WHAT YOU HAVE TO DO |
Beginning with the line containing "L’exposition Grandeur nature" and ending with the line containing "- Larger, better", write out each line of the records below exactly; pictures and lines outside that range are left out.

TASK INPUTS |
□ □ □ □ □
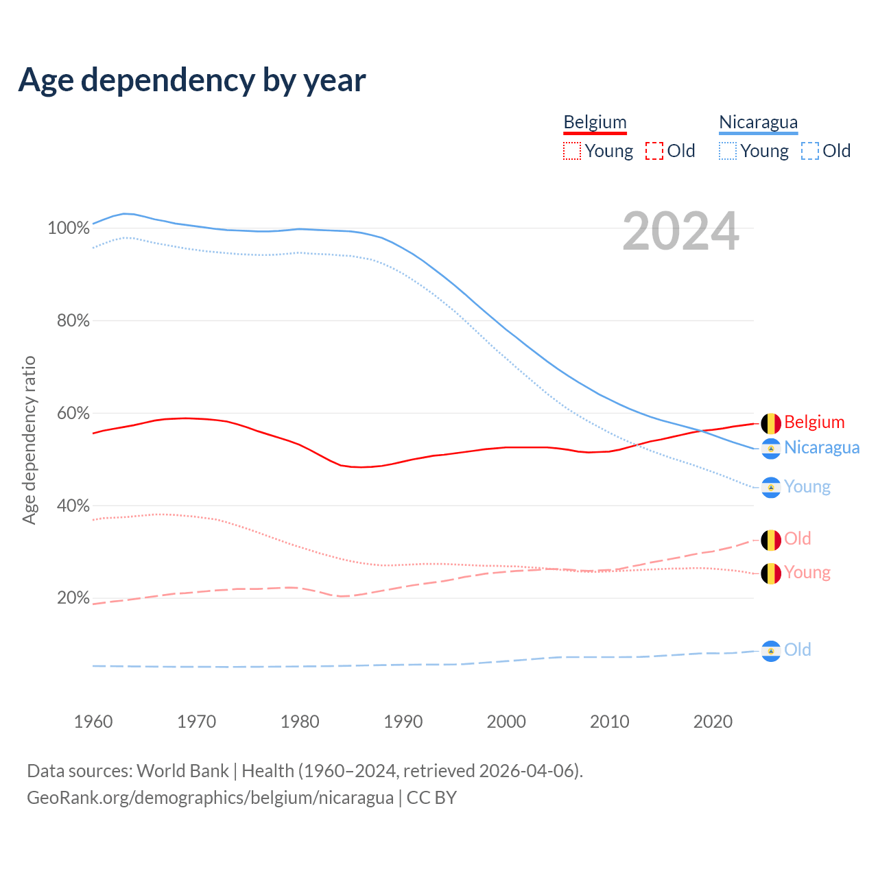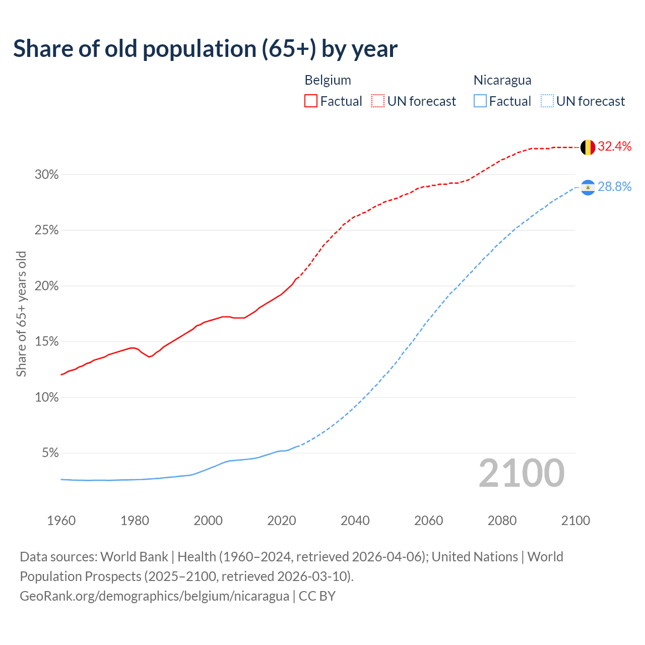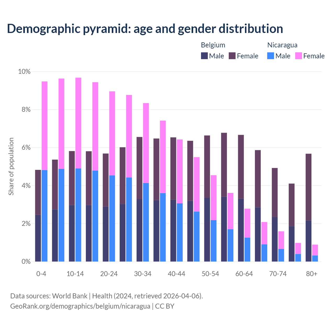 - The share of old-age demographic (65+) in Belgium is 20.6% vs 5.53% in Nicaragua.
□ □ □ □ □
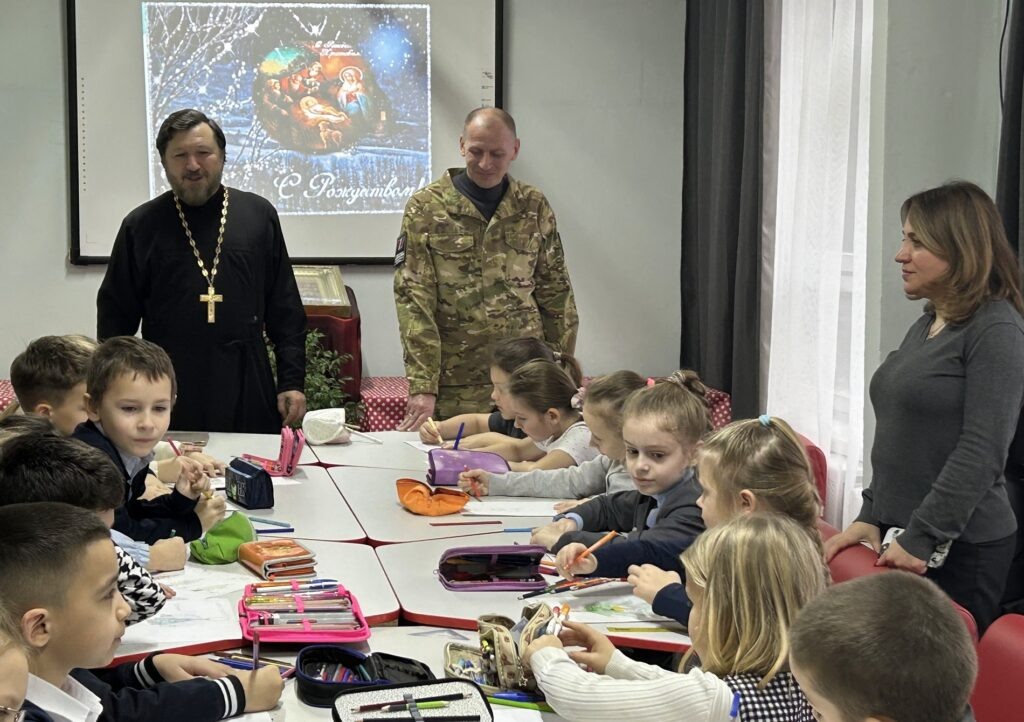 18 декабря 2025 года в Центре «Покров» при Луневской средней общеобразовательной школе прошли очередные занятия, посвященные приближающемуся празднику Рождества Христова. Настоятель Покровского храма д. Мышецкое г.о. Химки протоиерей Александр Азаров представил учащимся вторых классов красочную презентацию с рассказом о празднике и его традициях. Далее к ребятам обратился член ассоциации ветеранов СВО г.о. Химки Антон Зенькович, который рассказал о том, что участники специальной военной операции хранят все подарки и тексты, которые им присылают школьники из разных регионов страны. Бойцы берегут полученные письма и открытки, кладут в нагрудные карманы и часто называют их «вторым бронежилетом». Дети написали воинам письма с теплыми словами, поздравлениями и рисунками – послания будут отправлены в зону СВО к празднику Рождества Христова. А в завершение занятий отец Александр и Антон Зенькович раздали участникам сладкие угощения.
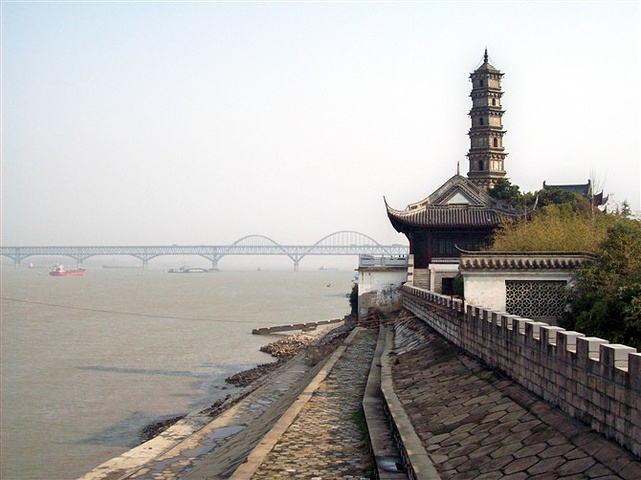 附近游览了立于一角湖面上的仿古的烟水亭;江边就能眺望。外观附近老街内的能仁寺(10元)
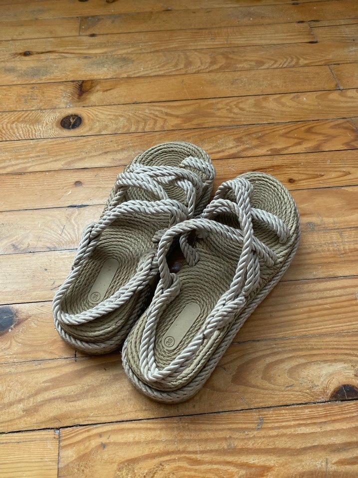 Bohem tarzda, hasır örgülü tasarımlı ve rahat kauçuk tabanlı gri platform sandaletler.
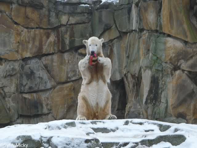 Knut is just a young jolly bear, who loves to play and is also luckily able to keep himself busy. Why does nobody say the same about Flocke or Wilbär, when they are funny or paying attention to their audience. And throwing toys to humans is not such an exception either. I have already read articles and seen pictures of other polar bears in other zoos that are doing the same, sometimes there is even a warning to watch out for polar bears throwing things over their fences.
□ □ □ □ □
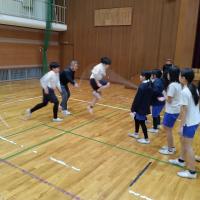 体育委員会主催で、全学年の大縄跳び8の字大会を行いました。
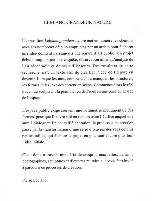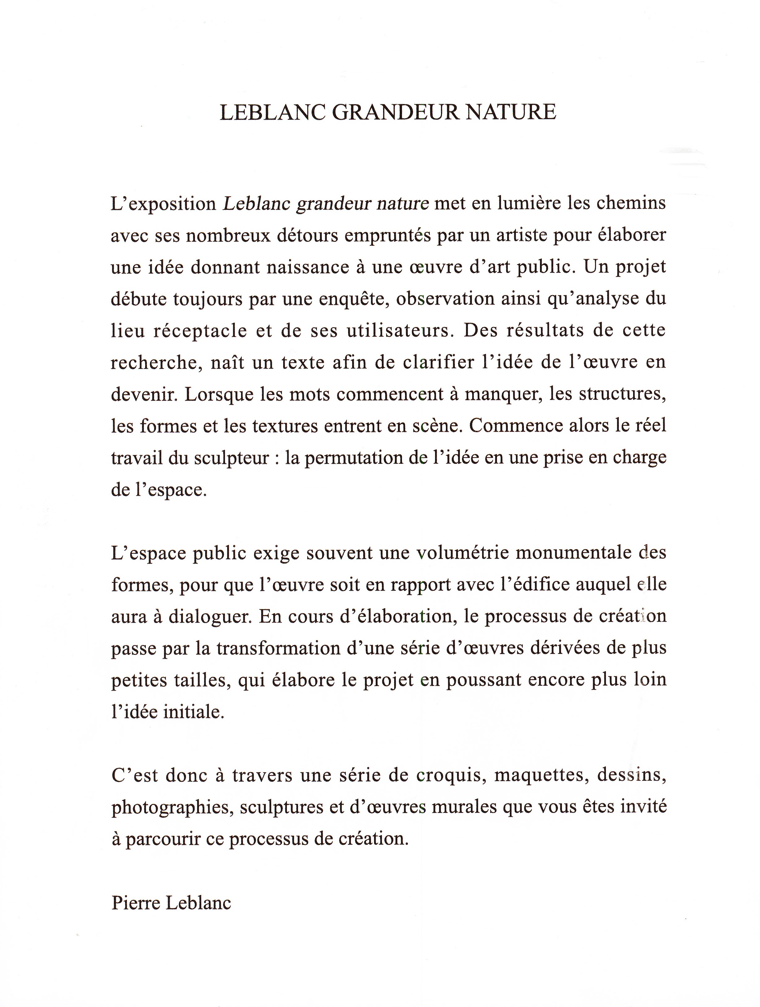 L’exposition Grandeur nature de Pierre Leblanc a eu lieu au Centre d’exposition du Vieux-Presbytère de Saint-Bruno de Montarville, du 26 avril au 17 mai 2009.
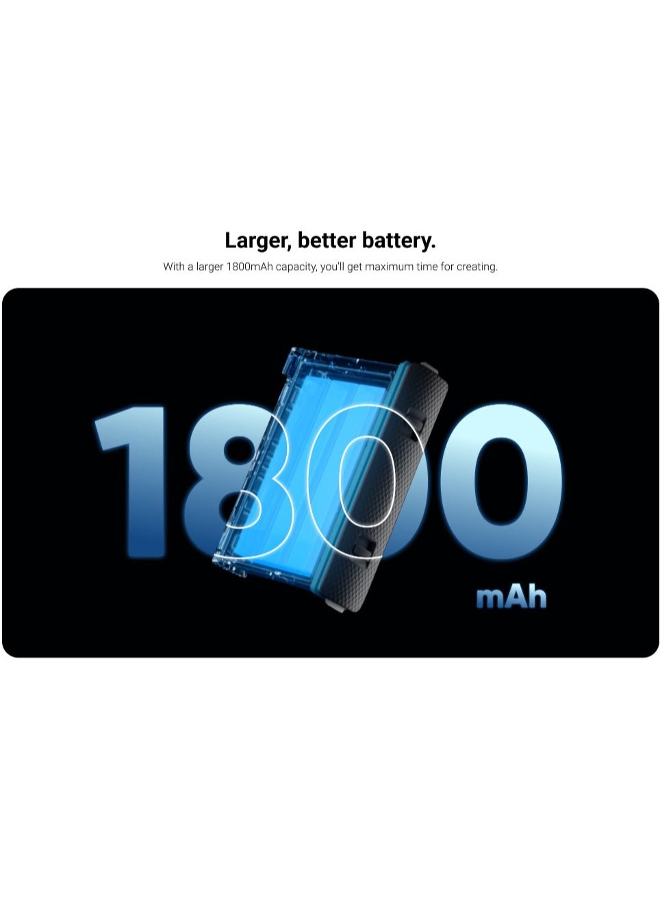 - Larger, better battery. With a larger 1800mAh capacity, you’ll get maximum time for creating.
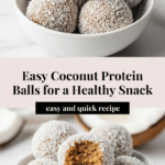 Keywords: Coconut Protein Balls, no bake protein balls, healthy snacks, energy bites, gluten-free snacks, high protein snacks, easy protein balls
□ □ □ □ □
SOLUTION FOR THIS PROBLEM |
 L’exposition Grandeur nature de Pierre Leblanc a eu lieu au Centre d’exposition du Vieux-Presbytère de Saint-Bruno de Montarville, du 26 avril au 17 mai 2009.
 - Larger, better battery. With a larger 1800mAh capacity, you’ll get maximum time for creating.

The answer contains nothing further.